4. There is ample evidence on record which the Industrial Court has considered while concluding that an unfair labour practice under item 9 has been committed. The respondent was working as a compounder in the hospital of the petitioner. There is evidence on record to indicate that except the respondent, all others working in this department including the Nurse, Aaya and the earlier compounder were being paid wages as per the award of the Wage Board. The submission of the petitioner that, the award can be made applicable to the employees only if there is an agreement with the recognized union, cannot be accepted. There is no dispute that wages in accordance Page 1026 with the award have been paid to the other workmen. Therefore, the argument that the award has not been accepted by the petitioner Karkhana is without any merit. Furthermore, the evidence on record indicates that it was only the respondent who was being paid consolidated wages.
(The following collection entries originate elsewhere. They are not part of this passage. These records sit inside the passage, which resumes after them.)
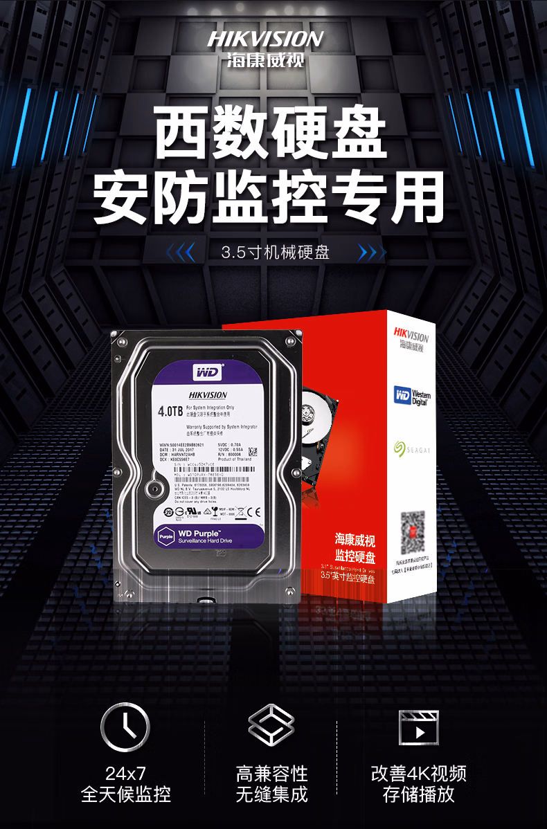 海康威视(HIKVISION) 8TB1机械WD紫盘监控硬盘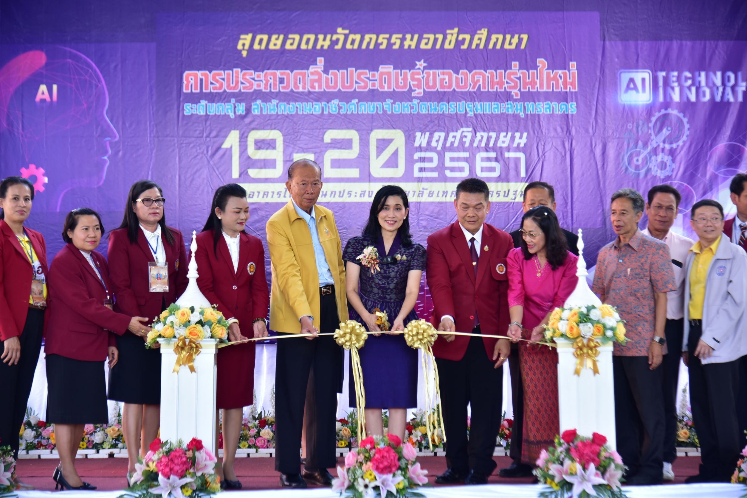เมื่อวันที่ 19 พฤศจิกายน 2567 เวลา 10.00 น. ที่อาคารอเนกประสงค์ วิทยาลัยเทคนิคนครปฐม นางสาวอโรชา นันทมนตรี รองผู้ว่าราชการจังหวัด รักษาราชการแทนผู้ว่าราชการจังหวัดนครปฐม เป็นประธานเปิดการประกวดสิ่งประดิษฐ์ของคนรุ่นใหม่ ประจำปีการศึกษา 2568 “สุดยอดนวัตกรรม อาชีวศึกษา” ระดับกลุ่ม สำนักงานอาชีวศึกษาจังหวัดนครปฐม และสมุทรสาคร โดยว่าที่ร้อยตรี ดร.ชนะคมศร คงยืน ผู้อำนวยการวิทยาลัยเทคนิคนครปฐม ปฏิบัติหน้าที่ผู้อำนวยการสำนักงานอาชีวชีวศึกษาจังหวัดนครปฐม กล่าวว่า ตามที่สำนักงานคณะกรรมการการอาชีวศึกษา มีนโยบายในด้านพัฒนาคุณภาพการเรียนการสอนผู้เรียนอาชีวศึกษา เป็นการยกระดับคุณภาพอาชีวศึกษา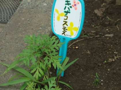 校長室の前には、昨年のこぼれ種から黄花コスモスが育っています。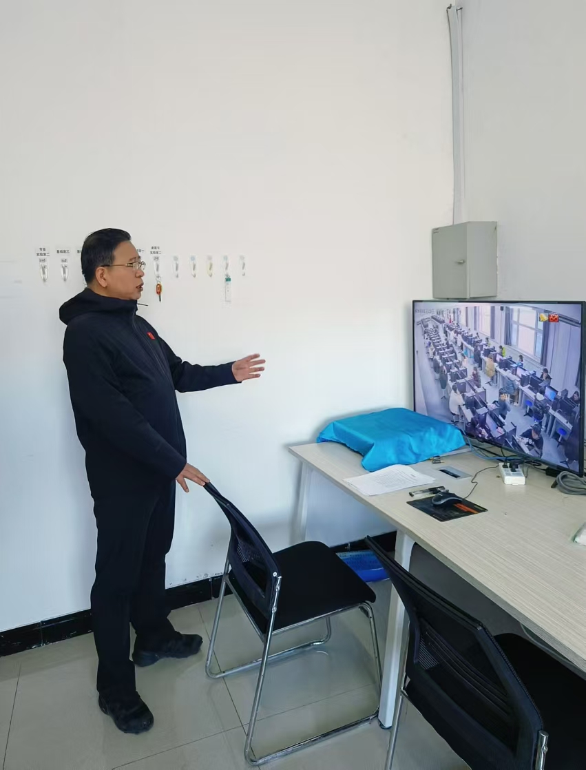 考試期間,校黨委副書記、校長胡軍蒞臨考場指導考試工作,對考試的組織和實施情況進行了細致檢查,并對考試的各項安排及其執行情況給予了充分肯定。

Various other persons were being paid wages as per the award of the Wage Board. Therefore, the Industrial Court can not be faulted for having arrived at the conclusion that an unfair labour practice under item 9 of Sechedule IV has been committed.
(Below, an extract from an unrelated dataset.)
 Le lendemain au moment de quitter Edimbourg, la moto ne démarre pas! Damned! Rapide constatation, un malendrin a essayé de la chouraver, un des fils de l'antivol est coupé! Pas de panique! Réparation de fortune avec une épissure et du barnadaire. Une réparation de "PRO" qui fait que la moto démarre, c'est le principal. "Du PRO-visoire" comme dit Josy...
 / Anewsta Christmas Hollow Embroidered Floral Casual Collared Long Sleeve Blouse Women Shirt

5. The question now which remains to be considered is that item 5 of Sechedule IV of the MRTU & PULP Act can be invoked. Item 5 of Sechedule IV reads thus-

“5. To show favouritism or partiality to one set of workers, regardless of merits.”
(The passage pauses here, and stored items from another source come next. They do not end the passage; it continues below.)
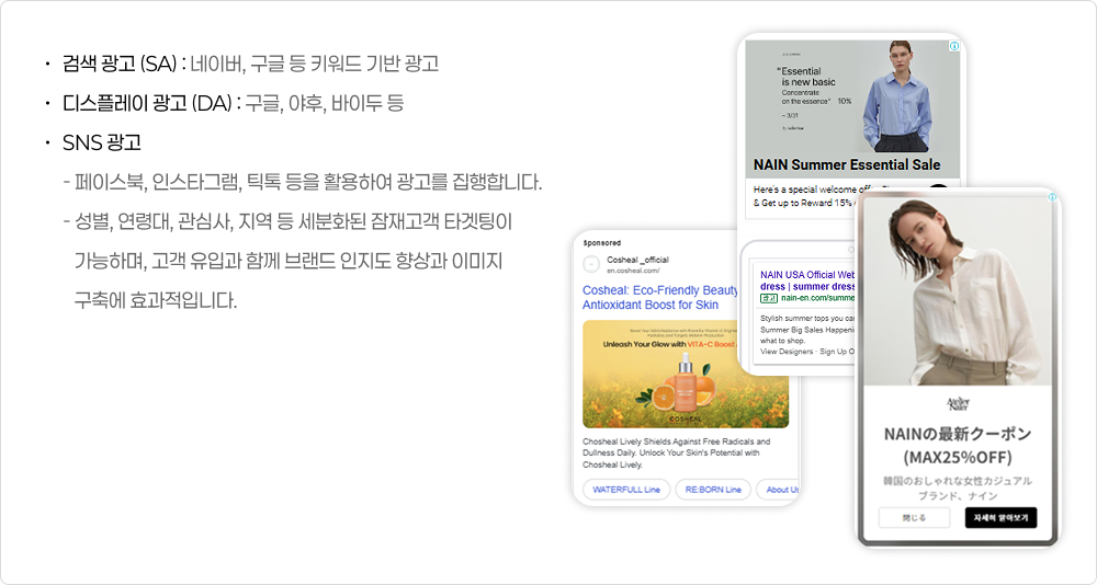 “현지 문화+디지털 성과” 전략적 접근을 통해 데이터를 기반으로 광고의 효과를 극대화하고, 구매 전환율을 상승 시킵니다.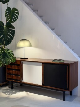Buffet en placage acajou, 2 portes coulissantes en formica noir et blanc, 4 tiroirs. Piétement en métal laqué noir.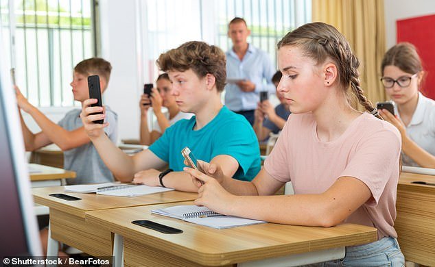 Un nuevo estudio ha dado agua fría sobre este concepto de que los teléfonos en las escuelas son beneficiosos para los niños porque no muestra ninguna conexión entre restricciones y mejores calificaciones o una mejor salud mental (imagen de stock)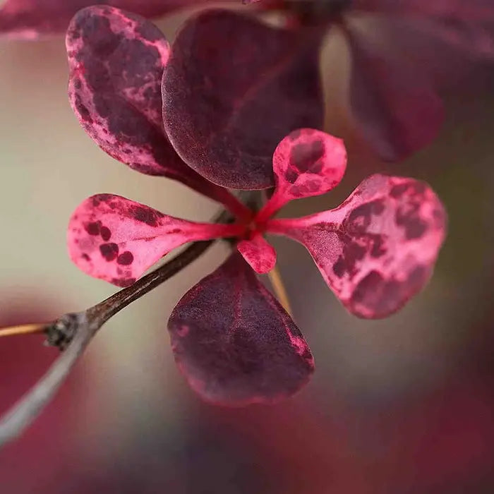Barberry 'Rose Glow' is an attractive ornamental compact hedging plant that features striking purple, pink, and cream variegated foliage. This is truly a stunning plant that will bring colour and warmth to your creative outdoor space.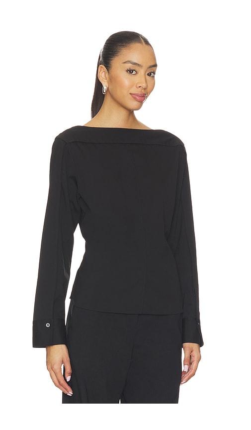 THEORY OPEN SLEEVE BOATNECK TOP IN BLACK.

6. Section 28 of the MRTU & PULP Act deals with the procedure of filing complaints relating to unfair labour practices. This Section stipulates that when any person engages in or is engaging in any unfair labour practice then any union or any employee or any employer or Investigating Officer may file a complaint regarding such unfair labour practice. The Section does not in any manner preclude an individual employee from filing complaints under the Act. The only embargo or fetter on the right of an individual to file a complaint is found in Section 21 of the Act where if there is a recognised union, then a complaint of an unfair labour practice under items 2 and 6 of Sechedule IV can be filed only through that Union. The proviso permits an individual employee to file such a complaint if there is no recognised union. Therefore the right available to an individual to file a complaint under Section 28 read with item 5 of Sechedule IV of the Act is not restricted. The argument that complaint under this item can be filed only by a number of employees since item 5 contemplates discrimination as against a set of employees which must be construed in the plural. Item 5 is in respect of an unfair labour practice where an employer shows partiality or favouritism to one set of workers regardless of merits. However, it does not in any manner stipulate that the partiality or favouritism shown towards a set of workers must be qua a number of workers. It only stipulates that a number of workers must be treated differently by the employer as against the person filing the complaint. In the present case, the respondent had contended that all the others in the department where he was working were being paid wages in accordance with the award of the Wage Board, while he was being singled out for unfair treatment. It is in this context that the respondent complained that there is an unfair labour practice committed under item 5 of Sechedule IV. Therefore, the argument that a complaint alleging unfair labour practice under item 5 of sechedule IV can be filed only by individual workman is fallacious. The finding of the Industrial Court that there was an unfair labour practice committed under item 5 need not be disturbed.

7. Rule discharged. No order as to costs.